Nato troops are stationed around Kosovo to protect Serbian enclaves
The statement came as a UN deadline for agreement on the future of the province expired. Months of talks had failed to break the deadlock.
EU nations failed to adopt a joint stance on whether to recognise independence at talks on Monday.
Serbia's president says he wants an international court to decide if the move to independence would be legal.
Boris Tadic said he wanted the UN Security Council to ask the International Court of Justice to examine the case.
Serbia has previously pledged to use all peaceful means to prevent Kosovo declaring independence - and it now seems the legal side of that campaign has begun, says the BBC's Nick Hawton in Belgrade.
Kosovo is still a province of Serbia but ethnic Albanian leaders there threatened to declare independence.
Kosovo government spokesman Skender Hyseni said a declaration of independence was not a matter of "if, but when".
"Kosovo will look at its own agenda, but it will certainly be much earlier than May," he said.
EU foreign ministers meeting in Brussels said they had come close to a common position, with the UK, Germany, France and Italy all indicating they would support a declaration of independence.
Only Cyprus still wants a UN Security Council resolution before accepting a declaration of independence.
There will be an EU summit at the end of the week at which leaders will be under pressure to issue a statement in favour of independence, our correspondent says.
On Monday, thousands of ethnic Albanian students marched from Pristina University to Kosovo's parliament demanding an immediate declaration of independence.
The marchers carried US and Albanian flags, as well as posters bearing slogans such as "Independence is the only option" and "Europe, show some unity."
Russia, a strong backer of Serbia, warned against a unilateral declaration of independence, saying it would "create a chain reaction throughout the Balkans and other areas of the world".
A march on Monday attracted thousands of Kosovo Albanians
UN Secretary General Ban Ki-moon had set a deadline of 10 December for mediators from the "troika" of the EU, US and Russia to broker a deal between Kosovo and Serbia, but the talks failed.
UN special envoy Martti Ahtisaari had put forward a plan offering Kosovo "supervised independence".
The plan - accepted by the ethnic Albanians - would have meant international agencies gradually steering Kosovo's institutions towards independence, while safeguarding the rights and property of the Serbian minority.
But Serbia rejected it, insisting that Kosovo must remain an integral part of Serbia.
Belgrade also fears discrimination against ethnic Serbs would go unpunished in an independent Kosovo.
Nato was criticised after it failed to prevent riots by ethnic Albanians in 2004 in which Serbs were attacked.
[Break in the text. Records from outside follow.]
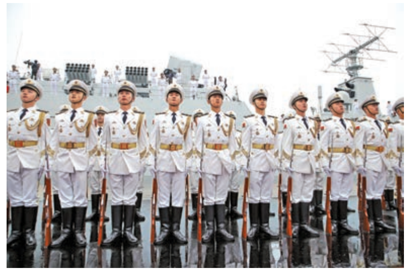
2019年4月23日，中國人民解放軍海軍儀仗隊在慶祝人民海軍成立70周年海上閱兵活動上，列隊接受檢閱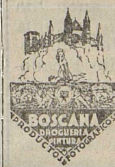
Photo-Laborium, Photozubehoer Kunstmalerbedarf, Rembrandt-Talens und Winsorfarben.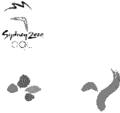
【브랜드 마크에 활용예시】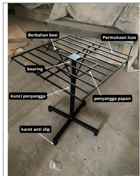
Gambar 4. Implementasi kata-kata kansei word dan hasil analisis Conjoint

Visualisasi hasil implementasi disajikan dalam Gambar 4. Implementasi Kansei Word dan Analisis Conjoint pada Produk Meja Cat.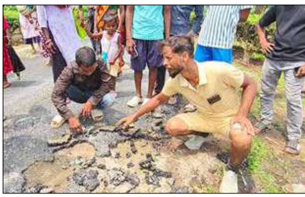
বালি লাইনে রাস্তার পিচ তুলে প্রতিবাদ চা শ্রমিকদের। -সংবাদচিত্র

এদিকে সংশ্লিষ্ট সূত্রে জানা গিয়েছে, ডুয়ার্সের কয়েকটি বাগান দুটি ছুটিই সবেতন দেবে বলে জানিয়েছে। এক্ষেত্রে প্রশ্ন উঠছে তাহলে সিংহভাগ বাগানের দিতে অসুবিধে কোথায়? দার্জিলিংয়ের নীর্ষ চা বণিকসভা ডিউটি চলতি বছরে এপ্রিল মাসেই তাদের সদস্য বাগানগুলিকে একটি সার্কুলার জারি করে বৃদ্ধপূর্ণিমার সবেতন ছুটি ২ মে দেওয়ার কথা জানিয়েছিল।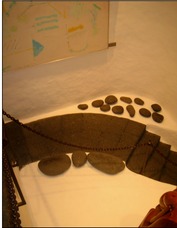
Figura IV. Museo Castillo de San José, c. 1976.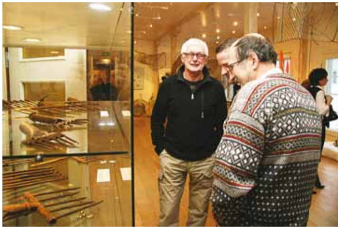
Näituse avamisel. Vitriinis on valik keelatud ja konfiskeeritud püügivahendeid.

Väljapanekule lisavad väärtust põhjalikud infostenid, mis on eesti- ja venekeel-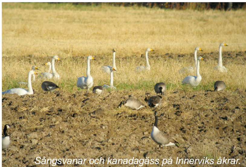
Sångsvanar och kanadagäss på Innerviks åkrar.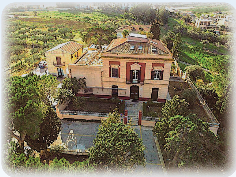
Centro medico di fisioterapia "Villa Sarina"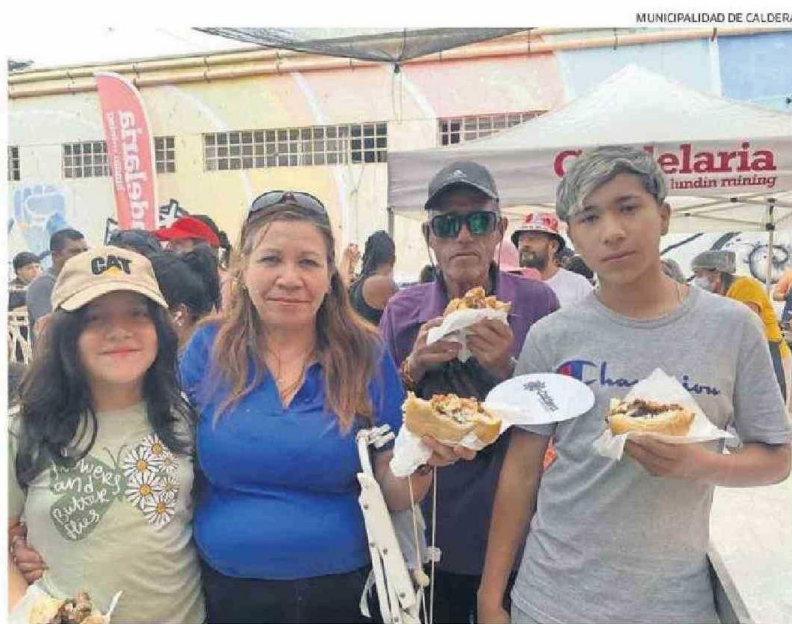
FAMILIAS DE CALDERA, LA REGIÓN Y EL PAÍS ASISTIERON A LAS DIVERSAS ACTIVIDADES DE ESTOS DÍAS.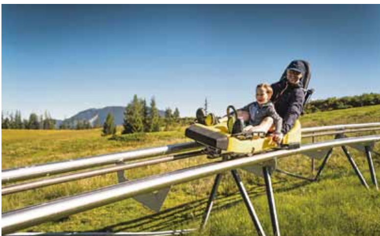
Auch eine Belohnung: Den Berg hinuntersausen im Timoks Alpine Coaster.

gerlebnisswelten zum Forschen und Entdecken ein. In Timoks Wilder Welt gibt es unter anderem einen Klettergarten und Alpine-Coaster, im Triassic Park in Waidring dreht sich alles um die Urzeit und im Erlebnispark Familienland lockt die größte Familienachterbahn Österreichs. Besonders praktisch: Der Eintritt zu den Hauptattraktionen, Badeseen und anderen Programmen ist in der Pillerseetal Card inkludiert.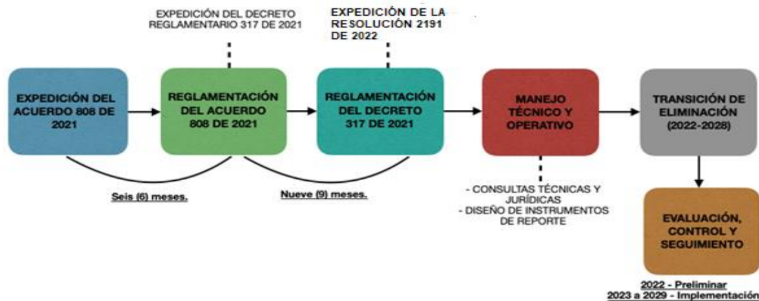
Figura 1. Plan general de implementación Acuerdo 808 de 2021.

Para la implementación del Acuerdo 808 de 2021, esta autoridad ambiental trazó un plan con las siguientes etapas, de las cuales se desagregan las acciones indicadas en el presente informe: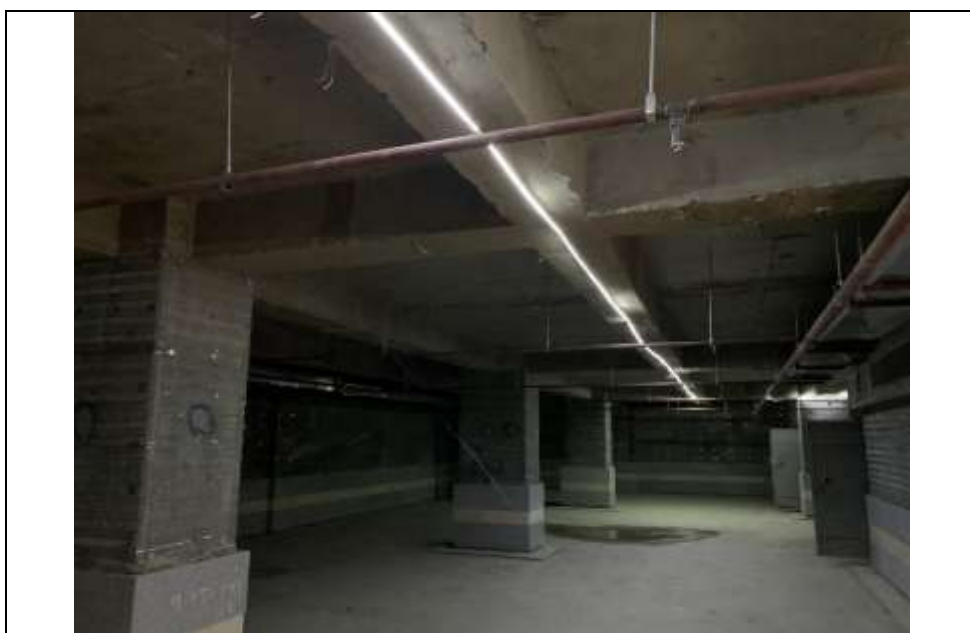
موضوع کاری: اجرای لوله اسپرینگلر طبقه 2- بلوک C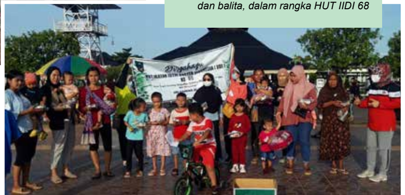
Pembagian makanan bergizi untuk bumil dan balita, dalam rangka HUT IIDI 68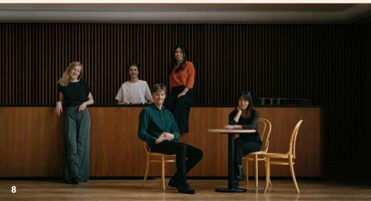
Ensemble L'Anima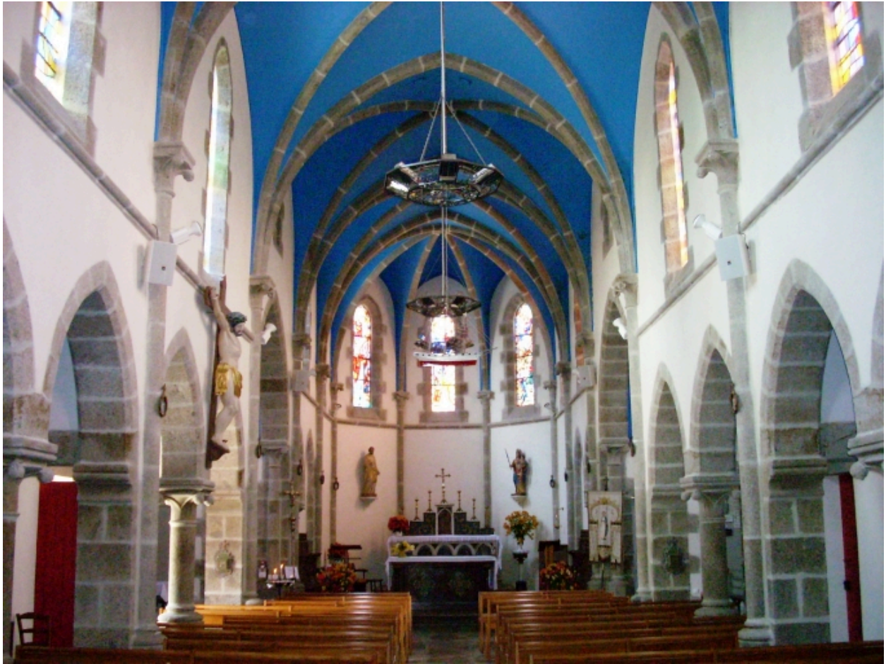
Plouarzel, église de Trézien : vue axiale est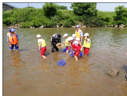
川にすむ生きものを採集

※ 順延・中止の場合、前日正午に決定し、高田河川国道事務所X(旧Twitter)でお知らせします。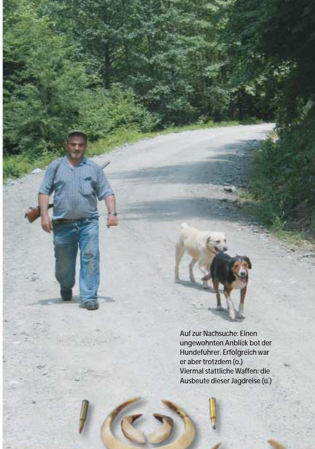
Auf zur Nachsuche: Einen ungewohnten Anblick bot der Hundeführer. Erfolgreich war er aber trotzdem (o.) Viermal stattliche Waffen: die Ausbeute dieser Jagdreise (u.)

Jetzt ist das Stück keine 60 Meter hinter uns. Wir können es hören, bis es links vor uns am Lichtungsrand verhofft. Wir warten gespannt. Nach 15 Minuten – gerade als die Wolken den Mond verdecken – wechselt vermutlich eine einzelne Sau ge-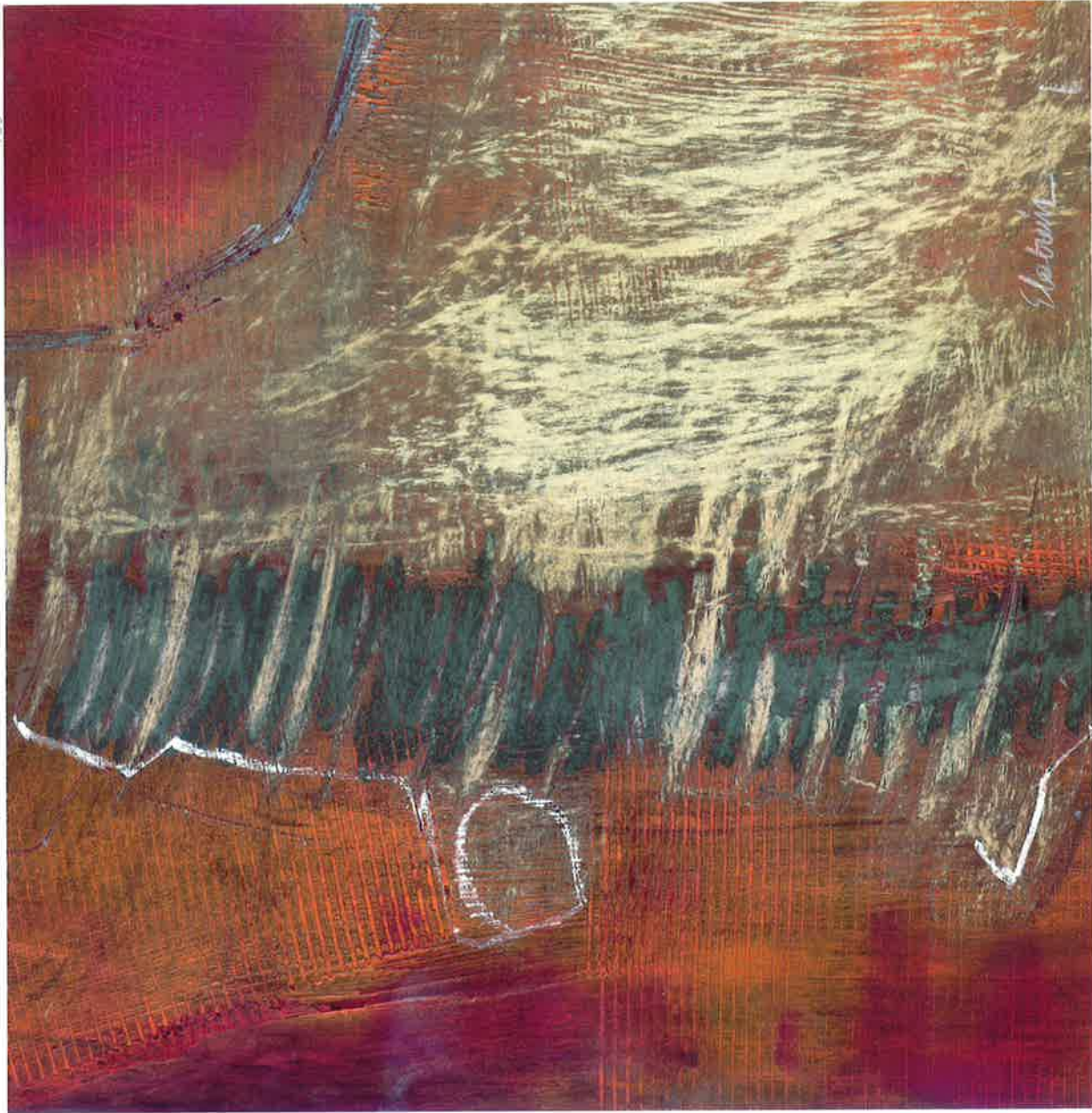
Arrecifes , 2010. Óleo y pastel sobre cartón, 30 x 30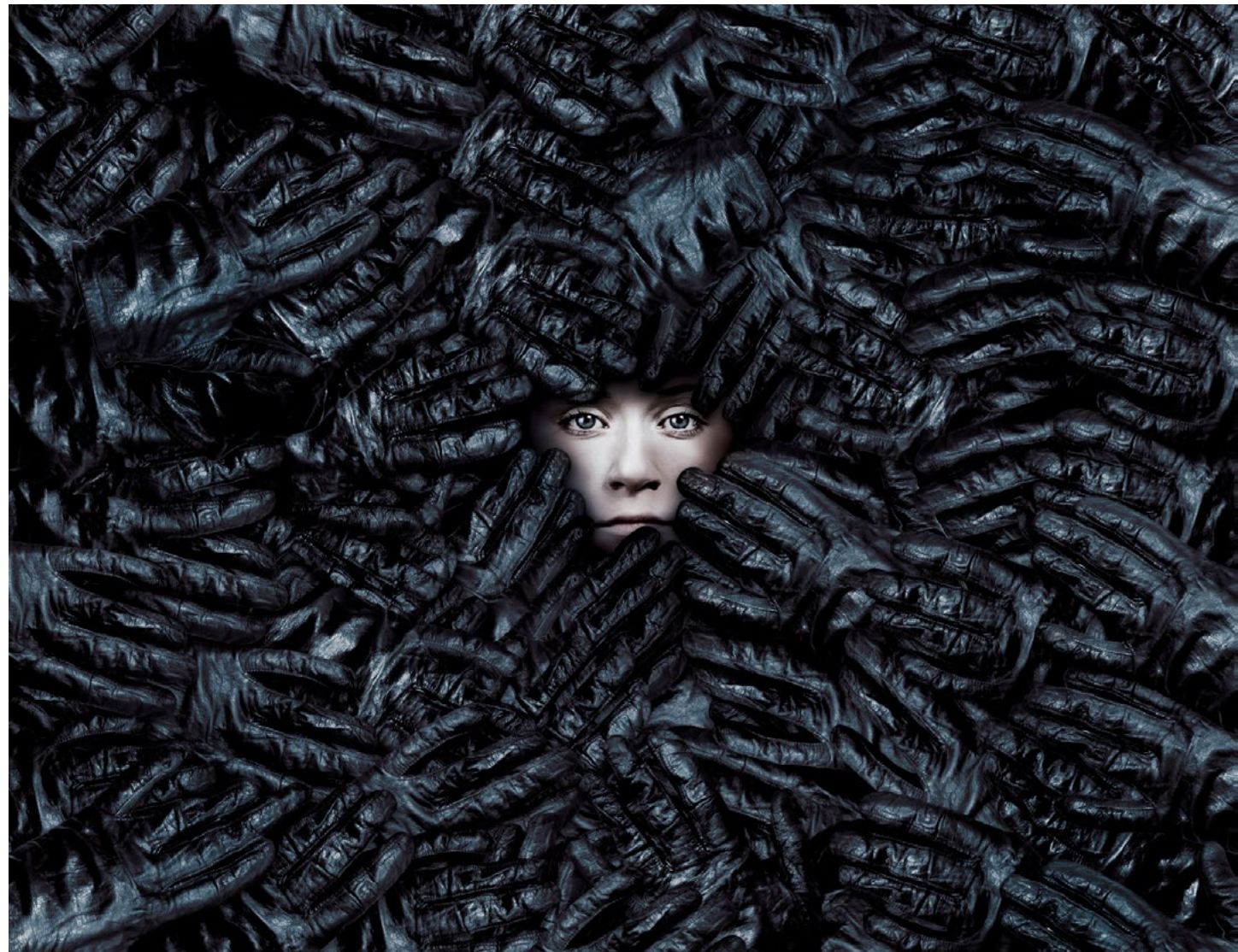
Push And See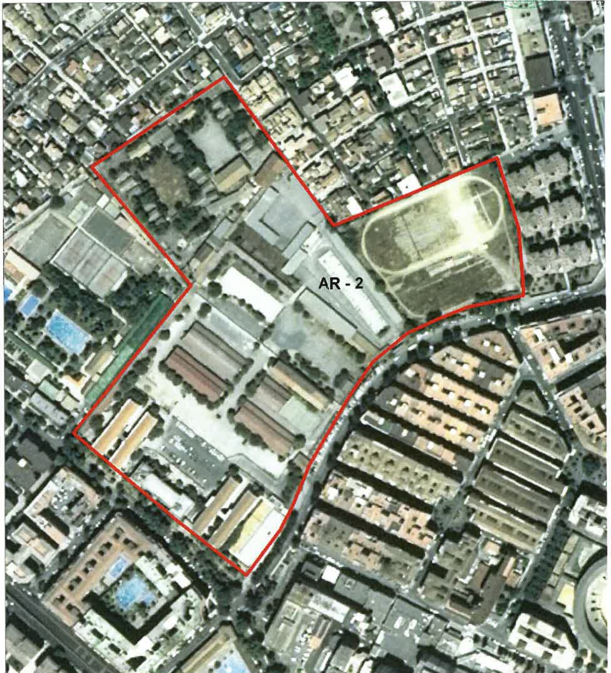
Delimitación del AR 7.02 Mondragones

Aprobado DEFINITIVAMENTE por el Excmo. Ayunmto. Pleno en sesión de fecha.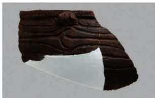
7 1-7出土土器 (第477图28)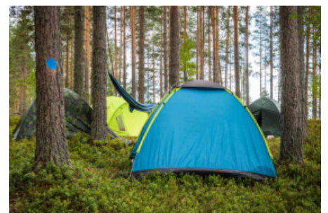
Norppa-asiaa ja leirielämää Turponsaarella.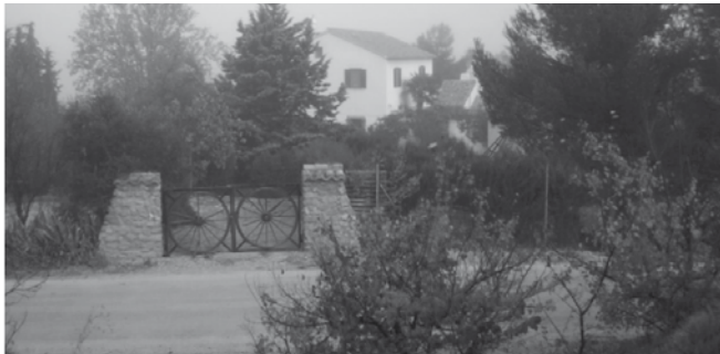
Vivienda de la Huerta del Francés (06-11-2010).

Vivienda. La huerta cuenta con una gran casa rehabilitada en los años 80 del siglo XX que se encuentra en buen estado de conservación.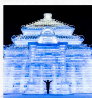
เทศกาลแกะสลักน้ำแข็ง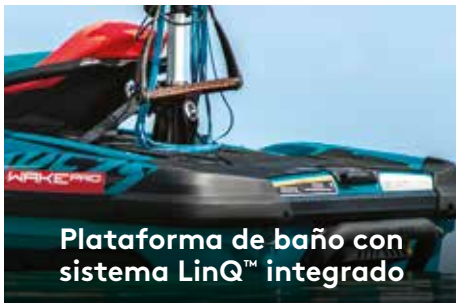
Plataforma de baño con sistema LinQ™ integrado

Exclusivo sistema de conexión rápida en la plataforma de baño más amplia del sector que facilita la instalación de accesorios de almacenamiento. 1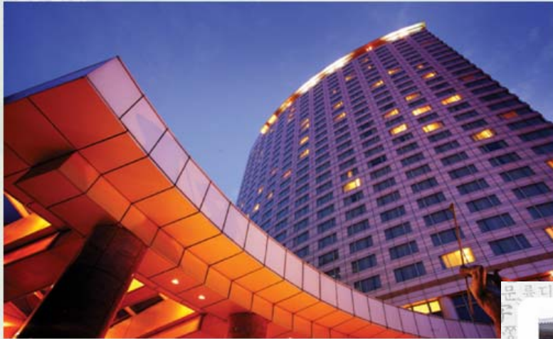
Coex Convention Centre, Seoul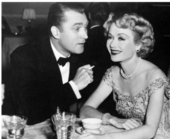
1948 MADAME ET SES PANTINS (Smart Woman) d'Edward A. Blatt avec Constance Bennett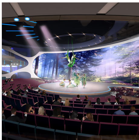
Teatro Oculus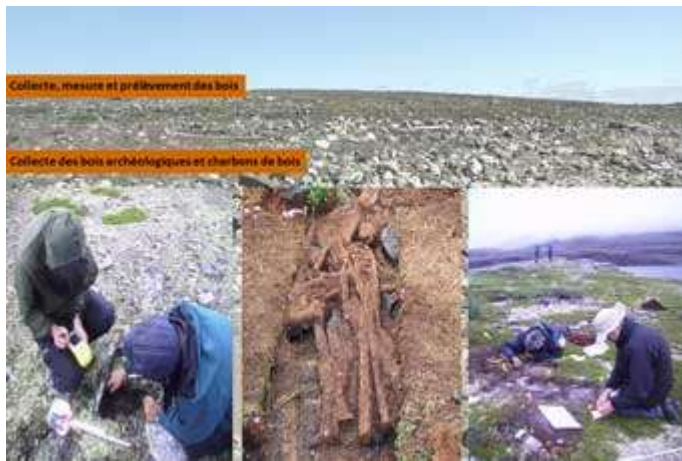
Point d'étape Terrain 2010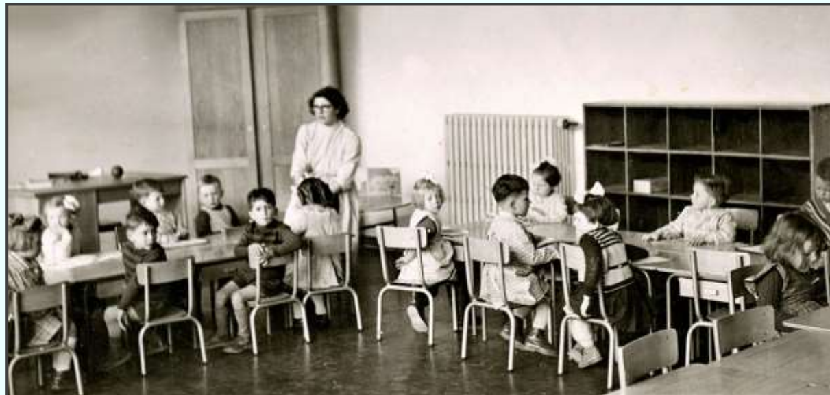
Salle de classe dans les années 50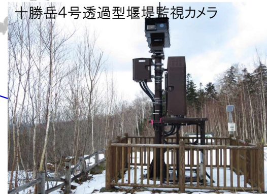
火山噴火に伴う土砂移動に備えた監視体制の強化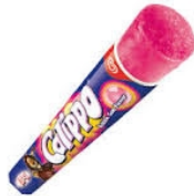
Bubble Gum 2.50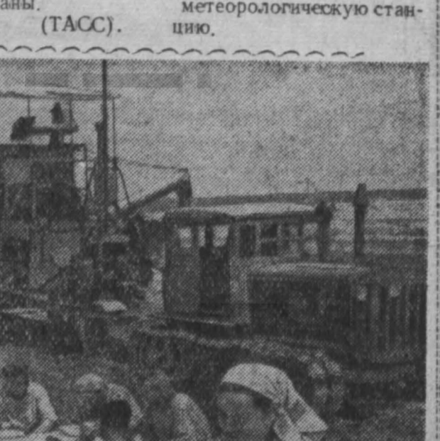
Таких машин, без которых невозможно было бы строительство в Коснице, в настоящее время в стране нет...

Nineteen people died in the violence.
Nato - fearing a violent Serbian reaction - has said it will keep 16,000 troops in Kosovo to deter any clashes.
Though technically part of Serbia, Kosovo has been administered by the UN for the last eight years.
Belgrade's security forces were driven out of Kosovo by a Nato bombing campaign in 1999, launched to stop a violent Serbian crackdown on ethnic Albanians.